Robert Galbraith / reuters

AlgorithmWatch, a group of researchers who had been studying how Instagram’s opaque algorithms function, say they were recently forced to halt their work over concerns Facebook planned to take legal action against them. In a post spotted by The Verge, AlgorithmWatch claims the company accused it of breaching Instagram’s terms of service and said it would move to take “more formal engagement” if the project did not “resolve” the issue.

AlgorithmWatch’s research centered around a browser plugin more than 1,500 individuals downloaded. The tool helped the team to collect information it says allowed it to make some inferences about how Instagram prioritizes specific photos and videos over others.

Most notably, the team found the platform encourages people to show skin. Before publishing its findings, AlgorithmWatch said it had reached out to Facebook for comment, only for the company not to respond initially. However, in May 2020, Facebook told the researchers their work was “flawed in a number of ways” after it said earlier in the year it found a list of issues with the methodology AlgorithmWatch had employed.

When Facebook accused AlgorithmWatch of breaching its terms of service, the company pointed to a section of its rules that prohibits automated data collection.
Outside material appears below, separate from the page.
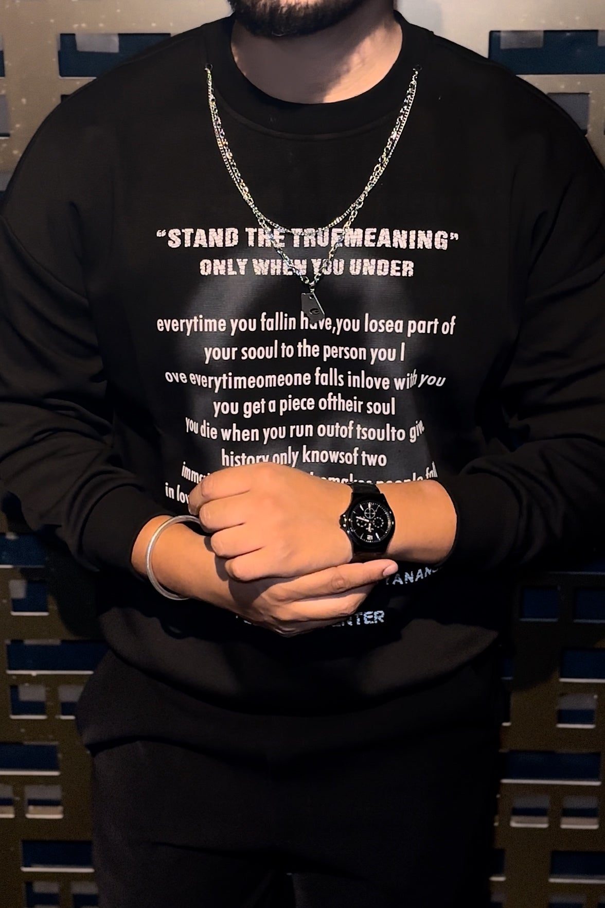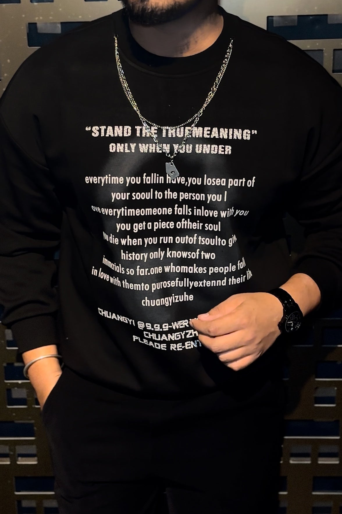 Design: Luxurious black sweatshirt with an abstract text pattern.

It also said the system violated GDPR, the European Union’s data privacy law. “We only collected data related to content that Facebook displayed to the volunteers who installed the add-on,” AlgorithmWatch said. “In other words, users of the plugin [were] only accessing their own feed, and sharing it with us for research purposes.” As for Facebook’s allegations related to GDPR, the group said, “a cursory look at the source code, which we open-sourced, shows that such data was deleted immediately when arriving at our server.”

Despite the belief they had done nothing wrong, the researchers eventually decided to shutter the project. “Ultimately, an organization the size of AlgorithmWatch cannot risk going to court against a company valued at one trillion dollars,” they said.
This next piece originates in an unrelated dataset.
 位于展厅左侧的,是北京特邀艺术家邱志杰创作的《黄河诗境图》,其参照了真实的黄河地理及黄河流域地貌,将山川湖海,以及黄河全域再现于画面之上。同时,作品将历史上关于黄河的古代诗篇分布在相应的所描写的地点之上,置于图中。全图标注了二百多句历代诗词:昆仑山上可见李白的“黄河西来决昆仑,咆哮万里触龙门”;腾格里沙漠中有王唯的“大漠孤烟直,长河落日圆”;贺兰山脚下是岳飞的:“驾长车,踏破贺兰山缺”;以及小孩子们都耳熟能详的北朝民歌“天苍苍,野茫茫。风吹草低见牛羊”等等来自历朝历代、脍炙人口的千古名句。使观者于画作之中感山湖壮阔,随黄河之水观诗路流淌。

When Engadget reached out to Facebook for comment on the situation, the company denied it had threatened to sue the researchers. Here’s the full text of what it had to say:

We believe in independent research into our platform and have worked hard to allow many groups to do it, including AlgorithmWatch — but just not at the expense of anyone’s privacy. We had concerns with their practices, which is why we contacted them multiple times so they could come into compliance with our terms and continue their research, as we routinely do with other research groups when we identify similar concerns. We did not threaten to sue them. The signatories of this letter believe in transparency — and so do we. We collaborate with hundreds of research groups to enable the study of important topics, including by providing data sets and access to APIs, and recently published information explaining how our systems work and why you see what you see on our platform. We intend to keep working with independent researchers, but in ways that don’t put people’s data or privacy at risk.
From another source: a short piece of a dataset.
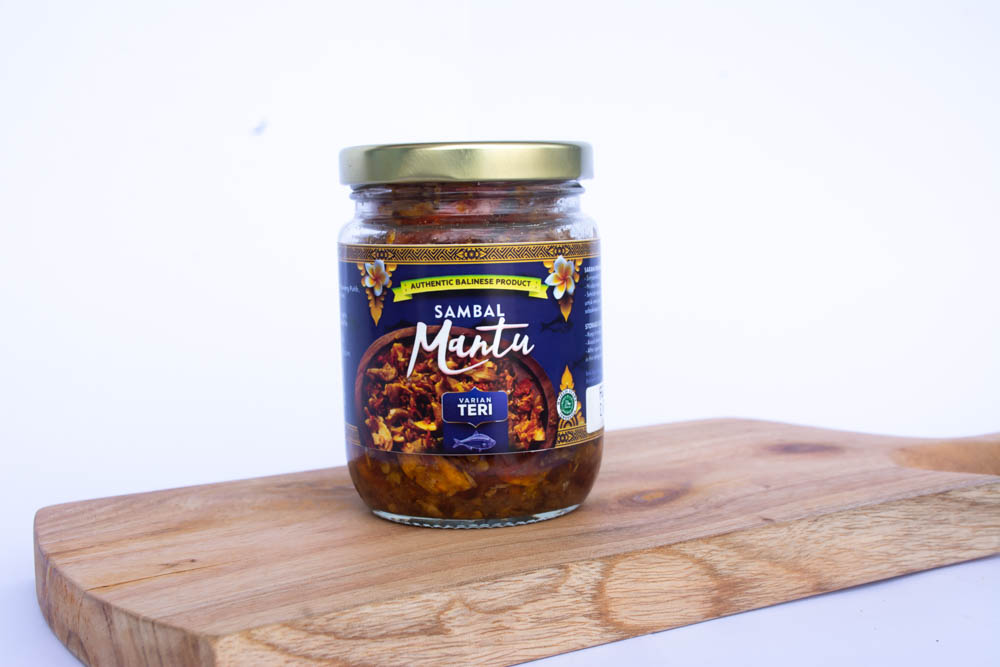 Sambal Mantu Varian Teri Original memiliki level pedas STANDAR (tidak terlalu pedas) dengan campuran Teri Crispy di dalamnya. Diproduksi secara modern dengan menggunakan bahan-bahan berkualitas dan resep tradisional khas Bali. Dikemas dengan menggunakan botol kaca. Cocok digunakan sebagai salah satu oleh-oleh khas Bali, bisa juga digunakan pada saat traveling, ibadah haji, perjalanan dinas dan lain-lain.

This episode with AlgorithmWatch has worrisome parallels with actions Facebook took earlier in the month against a project called NYU Ad Observatory, which had been studying how political advertisers target their ads. Facebook has some tools in place to assist researchers in their work, but for the most part, its platforms have been a black box since the fallout of the Cambridge Analytica scandal. That’s a significant problem, as AlgorithmWatch points out.

“Large platforms play an oversized, and largely unknown, role in society, from identity-building to voting choices,” it said. “Only if we understand how our public sphere is influenced by their algorithmic choices, can we take measures towards ensuring they do not undermine individuals’ autonomy, freedom, and the collective good.”